Malheureusement certains faits nous donnent froid dans le dos :
- La manifestation des professionnels du 12 mars a été relayée par les médias sans réelle prise de conscience de la part de la population française. De plus nous avons pu remarquer une indifférence coupable, à mon avis, de la part des journalistes qui banalisent cette situation
- Les peines infligées aux auteurs de violences ne sont pas la hauteur du préjudice subi, cela malgré les propos très démagogiques de certains ministres de la santé (Mme Le Bodo avait clairement affirmé que les auteurs de menaces ou de coups à destination des professionnels de santé seraient sévèrement punis). Dans « la vraie vie » nous n’avons pas eu une mise en application de telles affirmations. A cette époque, et je m’en rappelle fort bien, l’exécutif n’avait qu’une seule volonté, celle de calmer les professionnels qui exigeaient une revalorisation de leur travail
- Une frilosité des pouvoirs publics pour donner des gages sécuritaires aux professionnels de santé
Tout cela doit nous faire malgré tout réfléchir, alors que les professionnels de santé libéraux ont de plus en plus de travail (administratif du fait d’une France de plus en plus attachée aux normes parfois ridicule, et de terrain avec des patients de plus en plus nombreux du fait d’une pénurie de professionnels de santé), il semble important de montrer plus de respect à des soignants investis dans leur mission.

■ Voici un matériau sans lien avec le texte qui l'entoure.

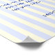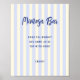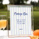 Sinal de bar de mimosa para chá de noiva com tema mediterrâneo caprichoso, apresentando uma paleta de cores suave e convidativa de creme e listras azuis suaves. Esse cenário tranquilo é perfeitamente complementado pela fonte manuscrita azul escura divertida, criando uma mistura harmoniosa de cores.

Bien entendu ces propos sont également valables pour d’autres professionnels qui assurent l’éducation, mais aussi la sécurité de nos concitoyens.
Je terminerai mes propos par une citation d’un écrivain philosophe qui, par ses propos énoncés il y a de nombreuses décennies de cela, était un grand visionnaire.
« Je reconnais que la violence, sous quelque forme qu’elle se manifeste, est un échec. Mais c’est un échec inévitable parce que nous sommes dans un univers de violence » Jean-Paul Sartre.